AYOCIREBON.COM -- Maulid Nabi atau yang kerapa disebut sebagai Muludan adalah salah satu trandisi umat Islam di Indonesia untuk memperingati hari lahir Nabi Muhammad SAW.

Peringatan Maulid Nabi umumnya berlangsung setiap tahun pada 12 Rabiul Awwal, bertepatan dengan hari lahir Nabi Muhammad SAW.

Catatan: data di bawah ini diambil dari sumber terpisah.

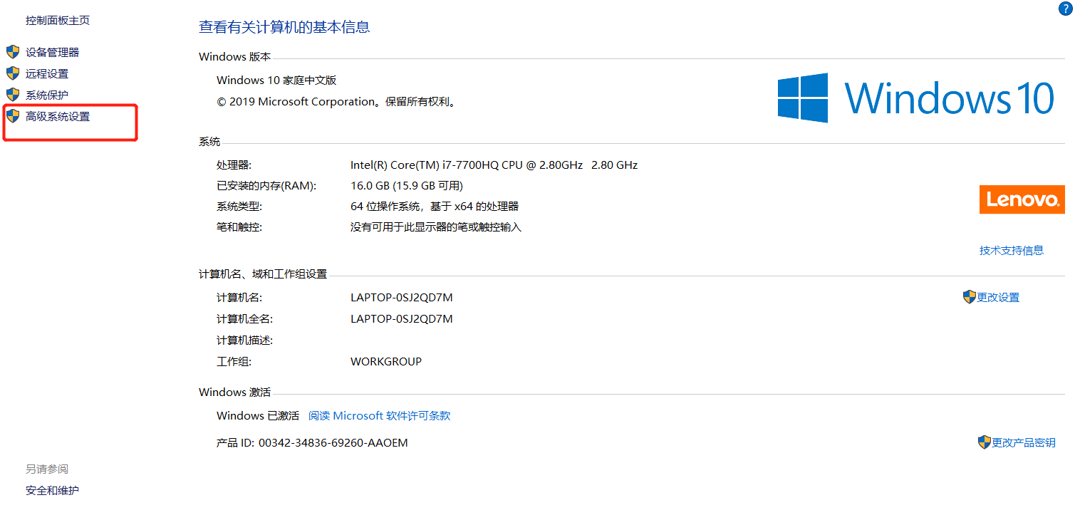 复制Maven所在的路径 ,点击此电脑右键选择属性->高级系统设置->环境变量

Tradisi Maulid Nabi telah ada sejak zaman Wali Songo, salah satunya yang dipengaruhi oleh ajaran Sunan Gunung Jati di wilayah Cirebon.

Sebagaimana diketahui, Sunan Gunung Jati yang memiliki nama asli Syarif Hidayatullah adalah seorang raja Cirebon sekaligus seorang wali penyebar agama Islam di Pulau Jawa.

Baca Juga: Tujuan Perayaan Maulid Nabi Muhammad SAW 12 Rabiul Awwal Menurut Hadist

Sunan Gunung Jati menjadikan keraton di Cirebon sebagai pusat pendidikan dan syiar penyemaran agama Islam.

Hal ini menjadikan adat istiadat dan tradisi yang ada pada masyarakat ikut dipengaruhi oleh budaya Islam yang dibawa oleh Sunan Gunung Jadi.

Dengan demikian, terjadilan akulturasi antara kebudayaan keraton dan budaya Islam yang disebarkan oleh Sunan Gunung Jati.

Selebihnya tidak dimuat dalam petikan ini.